__Exercise directions__. Return the data below unaltered, but strip out the pictures.

__Information shown__.
▬▬▬▬▬▬
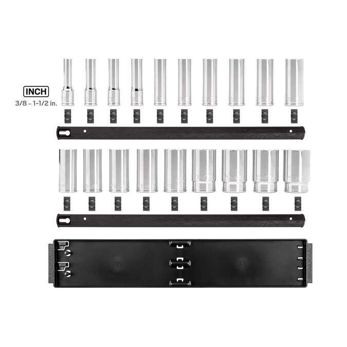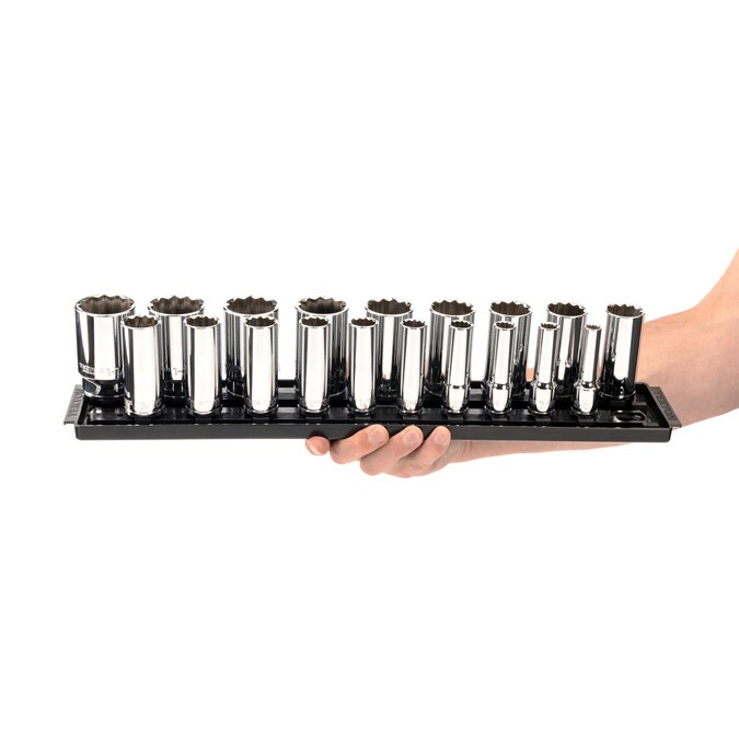 - 19-pc 1/2 in drive deep 12-point inch sockets: 3/8, 7/16, 1/2, 9/16, 5/8, 11/16, 3/4, 13/16, 7/8, 15/16, 1, 1-1/16, 1-1/8, 1-3/16, 1-1/4, 1-5/16, 1-3/8, 1-7/16, 1-1/2 in
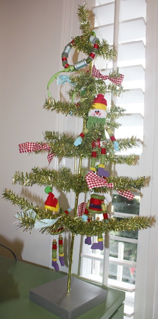 Next we have my SEWING TREE! I saw a similar tree on a blog a year or two ago and I finally broke down and bought a little tree from Hobby Lobby (50% off no doubt). I only have a few ornaments (it is hard to find sewing related ornaments – I looked at Joann, Michaels and Hobby Lobby with no luck this year). I cut up some fabric and tied that one. It’s pretty cute in person and I hope to add to my ornament collection. I think these came from Joann, but I saw none this year.
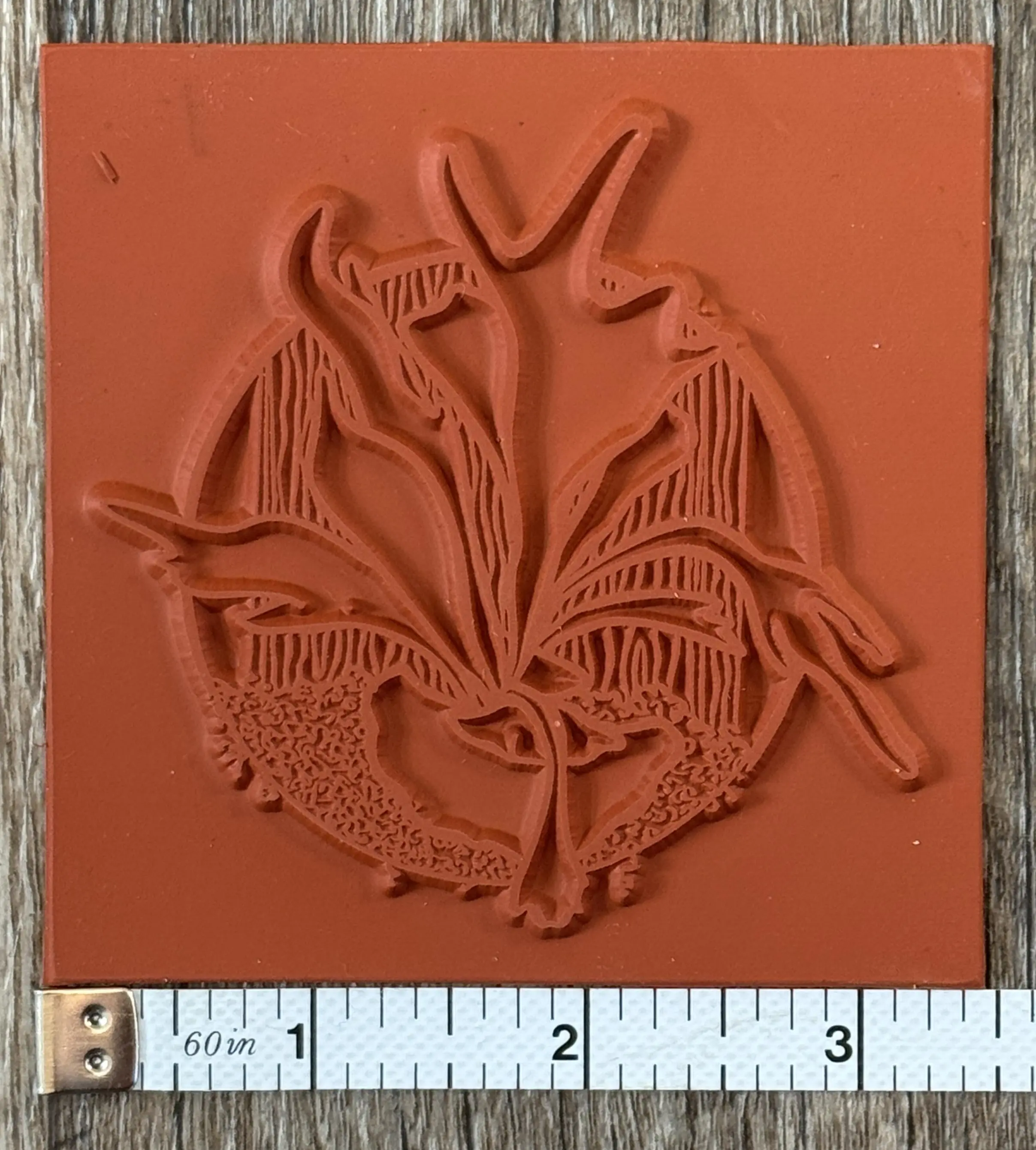 This is a handmade, hand drawn design,3.5"x3.5" reusable rubber texture sheet for making impressions in clay. There is no backer, and the flexible rubber allows for crisp and deep imprints on the clay for bold designs.
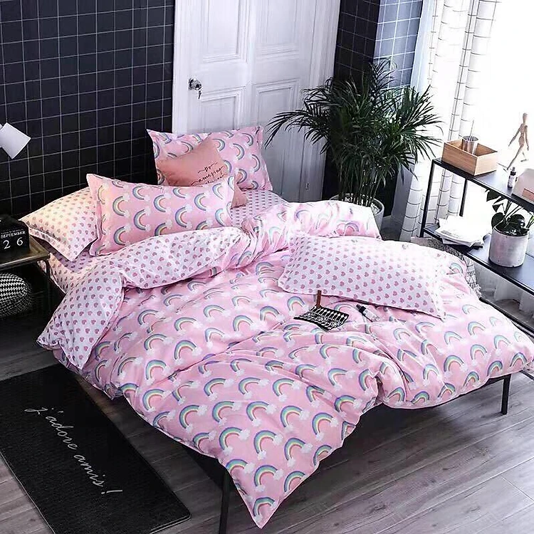 Bộ chăn ga gối Hàn Quốc cầu vồng hồng
▬▬▬▬▬▬
__Exercise answer__.
 - 19-pc 1/2 in drive deep 12-point inch sockets: 3/8, 7/16, 1/2, 9/16, 5/8, 11/16, 3/4, 13/16, 7/8, 15/16, 1, 1-1/16, 1-1/8, 1-3/16, 1-1/4, 1-5/16, 1-3/8, 1-7/16, 1-1/2 in
 Next we have my SEWING TREE! I saw a similar tree on a blog a year or two ago and I finally broke down and bought a little tree from Hobby Lobby (50% off no doubt). I only have a few ornaments (it is hard to find sewing related ornaments – I looked at Joann, Michaels and Hobby Lobby with no luck this year). I cut up some fabric and tied that one. It’s pretty cute in person and I hope to add to my ornament collection. I think these came from Joann, but I saw none this year.
 This is a handmade, hand drawn design,3.5"x3.5" reusable rubber texture sheet for making impressions in clay. There is no backer, and the flexible rubber allows for crisp and deep imprints on the clay for bold designs.
 Bộ chăn ga gối Hàn Quốc cầu vồng hồng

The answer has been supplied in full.